For whatever it might mean to our understanding of what the Aristorenas
panel thought and meant, I mention: (1) Hanke isn't mentioned
in the facta; (2) neither are any of Gregg v Scott, Chester
v Afshar, and Barker v Corus, although Hotson
and Fairchild are; and (3) there's only one "academic"
article referred to on causation: Vaughan Black's "A Farewell
To Cause: Canadian Red Cross Society v Walker Estate"
(2001) 24 Adv Q 478.
In
passing, the Aristorenas factum explains what was, to me,
the surprising appearance in the dissent (see para 33) of the thin-skull
rule and foreseeability as an apparent justification for the finding
of factual causation. My suspicion, on reading that, was that Aristorenas'
counsel had tried an end-run around the evidence issues by arguing,
essentially, that,
(1)
because of state of medical knowledge relating to the aetiology
of necrotizing fasciitis
(2) because it is true that we can't eliminate the possibility that
earlier intervention might have made a difference and
(3) to be fair to the plaintiff given (1) and (2) then
(4) necrotizing fasciitis should be considered nothing more than
an example of a more serious complication of an existing harm (infection)

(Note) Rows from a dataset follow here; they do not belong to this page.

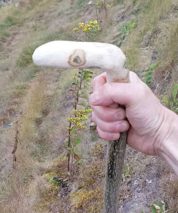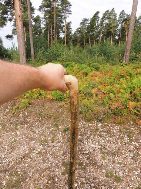 Aquí está el palo terminado. Conserva el precioso color de madera de acebo y un ojo entrañable de una rama de tiro. Aquí algunas fotos del palo cortado fresco y personal, caminar pegarlo se convirtió y algunas cosas hace más agradable en paseos...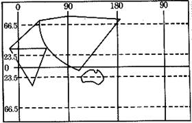 请参照下图,在图中适当位置用简单的几何图形,画出南、北美洲和南极洲的轮廓。
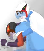 ガッチャマンの時の凛々しい姿はどこへやら、実に情けなーい健と、なんだかんだ言いながら面倒見のいいジョー。
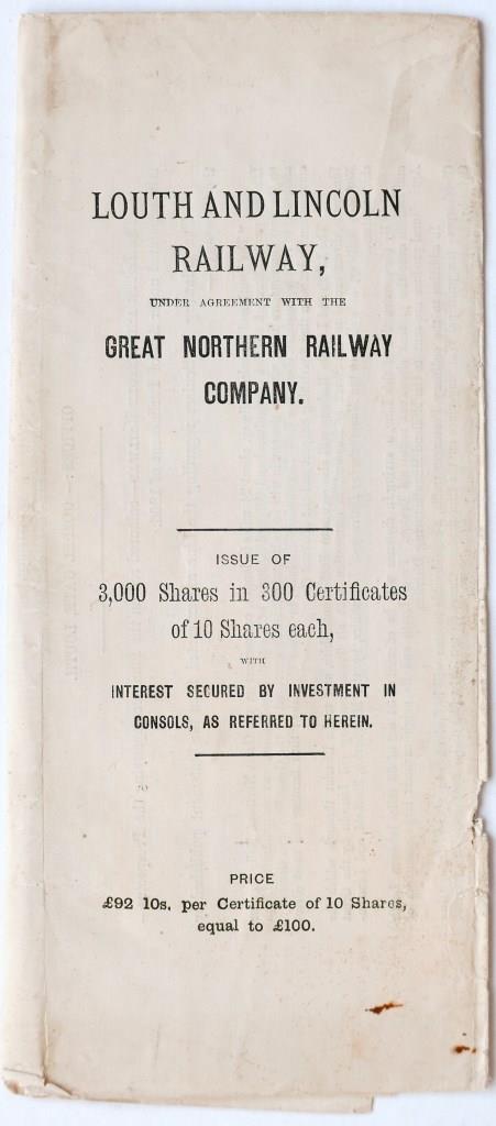 | 625 | Louth and Lincoln Railway Company prospectus for the sale of 3000 shares in the company. 4pp dated 1872. | £24 |  |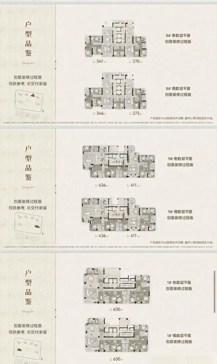● 首开户型解码:3栋50层(205/225/228㎡)、6&8栋48层(277/348㎡)、5栋50层(241㎡)、9栋37层(408/435㎡)、1栋楼王35层(630㎡),户户瞰江,致敬巅峰人物。
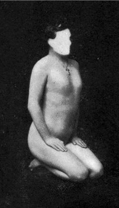 3. A primeira posição: (O Deus). Sente-se em uma cadeira; a cabeça erguida, as costas retas, os joelhos juntos, as mãos nos joelhos, os olhos fechados.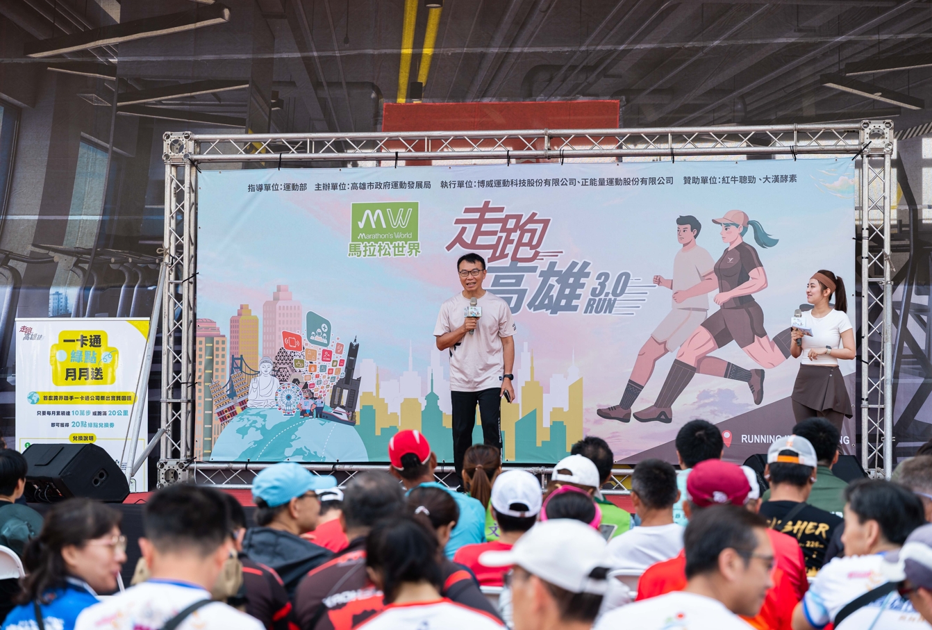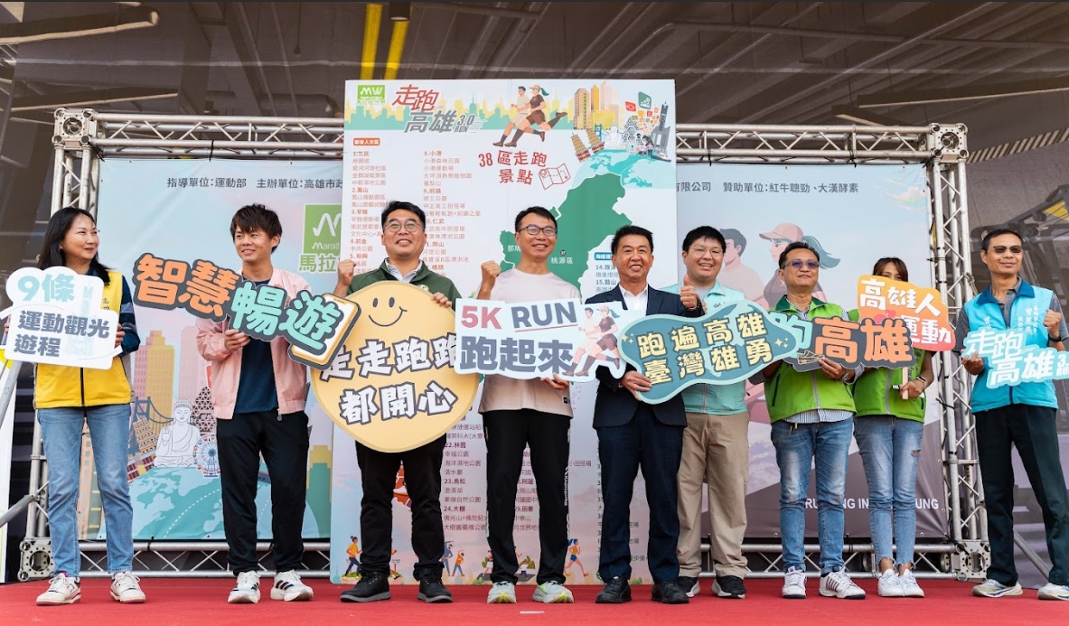 深受好評的「走跑高雄2.0」去年吸引7,524人報名參加、累積逾142萬筆運動紀錄,運發局今年持續與運動紀錄平台APP「馬拉松世界」合作,推出「走跑高雄3.0活動專區」。今(19)日上午於苓雅運動園區舉辦「走跑高雄3.0暨運動觀光遊程啟動記者會」。記者會現場更展現企業對全民運動的支持,紅牛聰勁大漢酵素特別準備應援補給禮包,象徵運動品牌與政府攜手推動智慧運動城市,也為即將展開的 38 區挑戰任務拉開精彩序幕。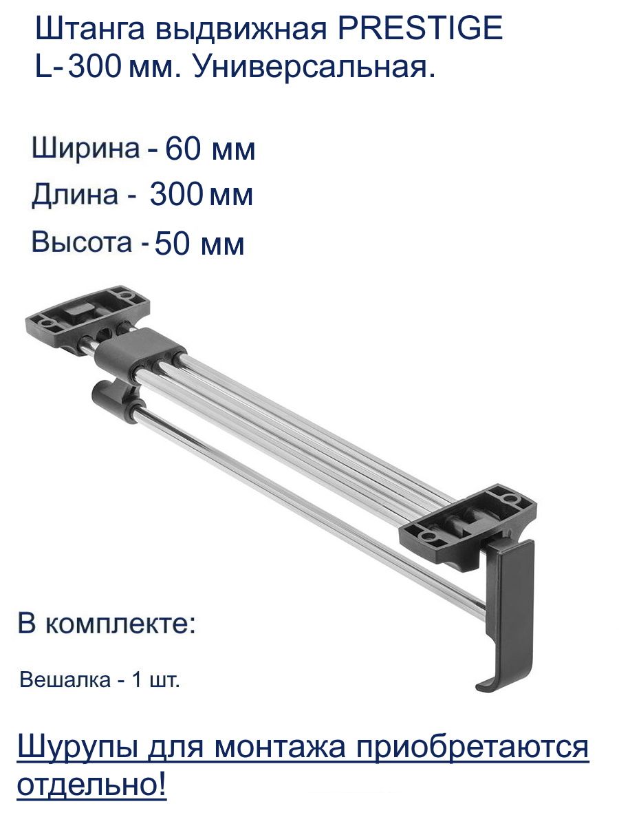 Штанга выдвижная PRESTIGE - вешалка для одежды, устанавливаемая внутри гардеробной. В зависимости от размера шкафа подбирается штанга определенной длины.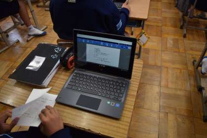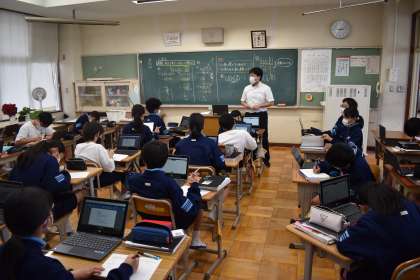 タブレットを活用した授業が行われています。みんな集中して数学の課題に取り組んでいます。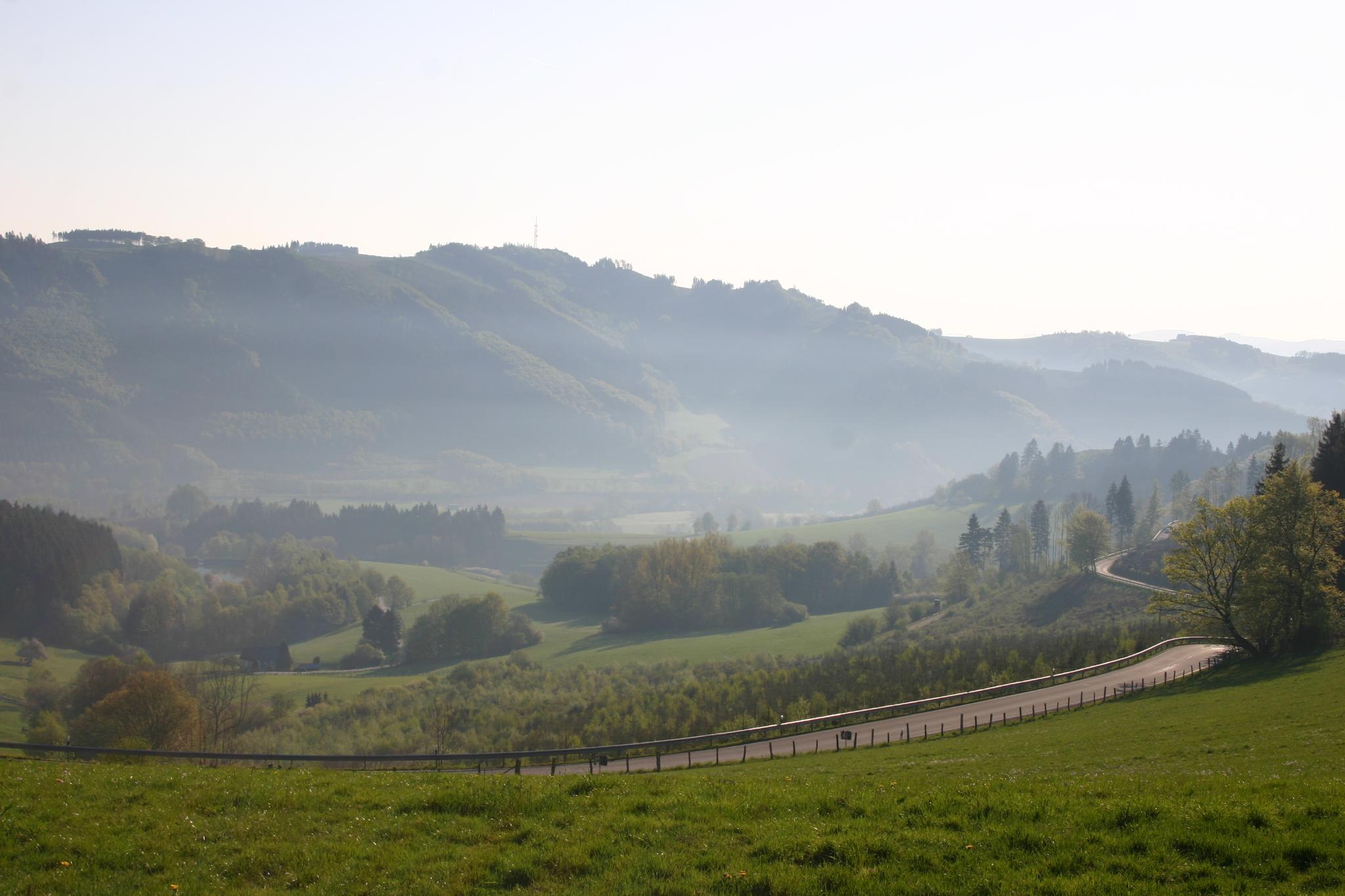 und über die Kuppe in schneller Fahrt bis zur Kreuzung der B55. Links halten und in der Ortsmitte von Oedingen rechts hoch: Bracht/Schmallenberg. Ein gut zu fahrender Anstieg, der oben auf der Höhe kurz vor Bracht eine wunderbare Fernsicht zeigt. Links und rechts rahmen die Hunau über Bad-Fredeburg und der Rothaarkamm, mit ihren über 700m hohen Gipfeln, das sogenannte Haverland ein.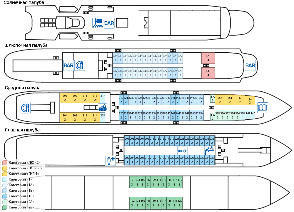 Двухместная двухъярусная каюта, расположенная на средней палубе. В каюте имеется индивидуальный санблок (умывальник, туалет, душ), кондиционер, холодильник, телевизор, внутрисудовая телефонная связь. Каюты №: 355, 356, 358, 360, 362, 364, 366.

that resulted from delay in proper treatment.
That's
exactly what was tried in the factum version of Ms Aristorenas'
argument, albeit not put quite that way. The factum's opening sentence
gives the strategy away: "The plaintiff submits that this case
is much more about sub-standard wound care than it is about the
rare and unpredictable disease, necrotizing fasciitis."
Unpredictable?
Doesn't that mean we can't say "probably"?
Anyway,
you probably won't be surprised to hear that there's already a handful
of what I call lawyers "webfomercials" - lawyers' Internet
newsletters sometimes having all the content of a TV infomercial
- circulating in the Canadian practitioners' universe asserting
that Aristorenas "clarifies" factual causation
jurisprudence for Ontario (and by implication) Canadian lawyers.
Right.
All
that's left is to hope Hanke will make a difference. I'm
not holding my breath.
David
Cheifetz
-------------------------------------------------------
From: Wright, Richard
Sent: October 17, 2006 10:33 AM
Subject: ODG: RE: Causation in the Ont. CA
The
sentence you quote from paragraph 53 literally would seem to refer
to multiple actual causes, and there is a reference in paragraph
51 to situations "where a contributing factor is material in
that it falls outside of the de minimis range." But
all the cases discussed in paragraphs 51 to 53 involve situations
where only a possibility of causal contribution, rather than actual
causal contribution, could be proven. The sentence you quote begins
with "Thus," as an apparent attempt to summarize the situations
discussed in the prior paragraphs.
I
agree with the majority's "no evidence" argument, even
with respect to any increased risk caused by the delay in proper
treatment. But, apparently, even if there had been such evidence,
the majority would have refused to allow a finding of causation
based on "material contribution," even though Canadian
decisions have done so allowing full recovery in other cases while
refusing to recognize a "lost chance" action that would
only permit proportional recovery. I think the majority was correct
in refusing to find literal "material contribution," but
was stuck with trying to deal with the Canadian cases that allow
such findings when there has been no proof of actual contribution
but merely proof of increased risk or possible contribution. Hopefully,
the SC in the Hanke case will shed the "common sense"
"robust and pragmatic" arm-wavings (as engaged in by the
dissent in Aristorenas) that permit findings of "material
contribution" when no actual contribution actually can be proven
and instead focus clearly on the second-best policy issue of what
should be done when it is impossible to prove or disprove actual
causal contribution but it is can be proven that the defendant was
a possible tortious cause of the injury that occurred. Then maybe
other Commonwealth courts will similarly clean up their confusing
cases and verbiage on "common sense" causation.